Déplacer le problème

Pour le vice-président de la Société protectrice des animaux de Québec, Claude Martineau, bannir les pitbulls consisterait à déplacer le problème, tout simplement. Des chiens agressifs, il y en a de toutes les races, même s'il reconnaît que les propriétaires de pitbulls doivent faire preuve de davantage de vigilance. Certaines lignées de pitbulls ont été dressées pour attaquer et participer à des combats de chiens.

«Même si les pitbulls devaient être interdits, les gens qui veulent un chien agressif n'auront qu'à changer de race pour s'en procurer un. Si on interdit les pitbulls, les gens vont peut-être se sentir davantage en sécurité, mais le problème ne sera pas réglé pour autant.»

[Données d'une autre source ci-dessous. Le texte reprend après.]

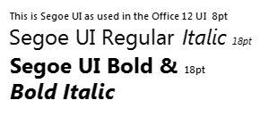 The result is a font called “Segoe UI” which will ship in both Office 12 and Windows Vista. It was conceived, designed, and totally optimized for ClearType, and I think it’s beautiful at both small and larger point sizes.”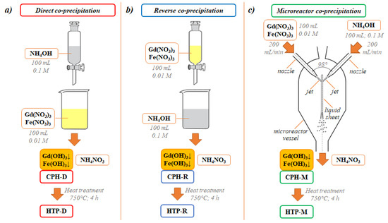 In this work, nanocrystals of gadolinium orthoferrite were synthesized by direct, reverse and ‘microreactor’ co-precipitation of gadolinium and iron(III) hydroxides at room temperature, followed by heat treatment of the obtained co-precipitated hydroxides in the air (Figure 1).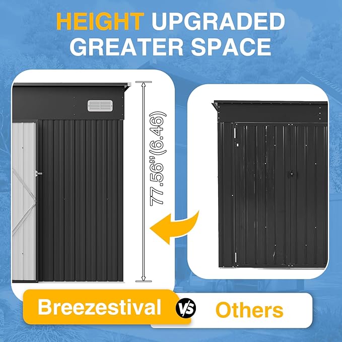 - Heightening Design to Meet Vertical Storage Demands: With an increased height of approximately 10 inches, this tool shed effortlessly accommodates ladders, gardening utensils, long-handled tools, and other oversized items. The innovative tiered shelf design optimizes space utilization, boosting it by 30%. Say goodbye to clutter and congestion as you organize your belongings efficiently, making the most of every inch of available space.
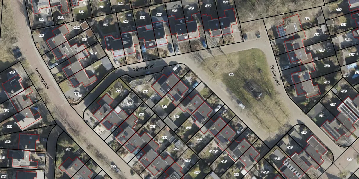 Het perceel waarop Tesingehof 4 staat heeft een oppervlakte van 279 m². Dit is een middelgroot perceel. De perceeloppervlakte wordt geregistreerd door het Kadaster. Gedetailleerde informatie over de maten van dit perceel kunt u vinden in het rapport Kadastrale kaart met maatvoering van Tesingehof 4.

M. Martineau croit aussi que la réglementation actuelle de la Ville de Québec permet aux autorités d'intervenir rapidement auprès des gens propriétaires de chiens qui peuvent être considérés comme dangereux. Le règlement peut forcer un propriétaire de chien à adopter des mesures de protection supplémentaires afin de mieux protéger la population, et même à euthanasier la bête, lorsque le chien est considéré comme une cause perdue.